Analgesic Effect Between TAP Block and Continuous Wound Infusion in Abdominoplasty Surgery

Not Applicable

• Conditions: Surgery of Abdominoplasty With Flank Liposuction
• Interventions: Procedure: Transverse abdominal plan block; Procedure: Continuous wound infusion

• Registration Number: NCT01862354
• Lead Sponsor: University of Liege

Brief Summary

The purpose of this randomized controlled study is to compare the postoperative analgesic effect of a continuous wound infusion of local anesthetics and a sole transverse abdominal plan (TAP) regional block in the surgery of Abdominoplasty Combined With Flank Liposuction.
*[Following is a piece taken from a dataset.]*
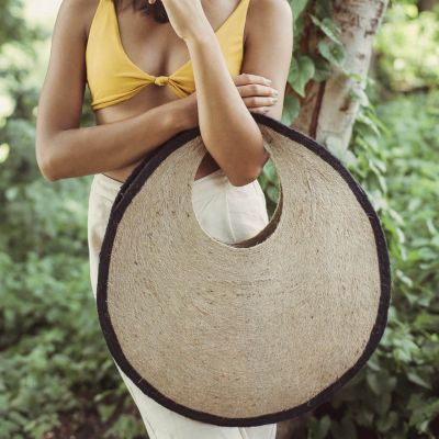 HALO SOLO Jute Straw Bag In Black And Natural

Local anesthetics products used are ropivacaine combined with clonidine. Similar amount of local anesthetics and clonidine are used.

Detailed Description

In a first group, patients receive, after induction of anaesthesia and before surgery, a TAP block (transverse abdominal plan block) with 3mg/kg Ropivacaine 0.5% (maximum 200 mg) and 150 microg Clonidine.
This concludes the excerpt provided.